Writing a will is not something that people want to think about. It brings up thoughts of death and dying, and critical decisions that need to be made. These are things that need to be well thought out and discussed with family members in advance, however difficult that may be. A living will is also called an advanced directive. It is a document that states what medical treatment you would prefer in certain situations, in the event that you can't speak for yourself. Living wills are legal documents; they need to take into account state laws, and they should be properly witnessed and notarized.

When preparing to write a living will, there are specific issues that you should address. Ask yourself how you feel about donating organs or tissues or donating your body to research. Think about what arrangements should be made for burial, and for any religious or memorial ceremony. Sometimes there may be religious issues that need to be resolved, and your decisions need to be documented.

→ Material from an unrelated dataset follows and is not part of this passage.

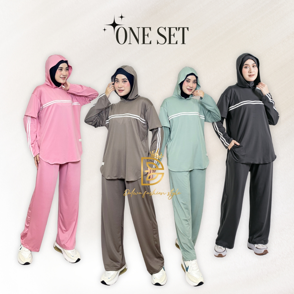 One Set Hoodie Sporty Bahan Jersey Premium Setelan Olahraga Wanita Setelan Olahraga Badminton Senam Lari Bersepeda

There are situations other than death that need to be considered. What are the situations that you, personally, consider to be worse than death? A living will should document your preferences regarding a situation that would require medical equipment to keep you alive, or what happens if you no longer recognize family members or friends. One critical issue that can only be decided in advance is whether or not you issue a DNR, or "do not resuscitate" order. This is an important decision to make, because if your heart stops or if you stop breathing, the medical staff will not use any methods to revive you if there is a DNR order.

Living wills should be reviewed and revised if your feelings about certain issues change, so that your current decisions are always legally documented.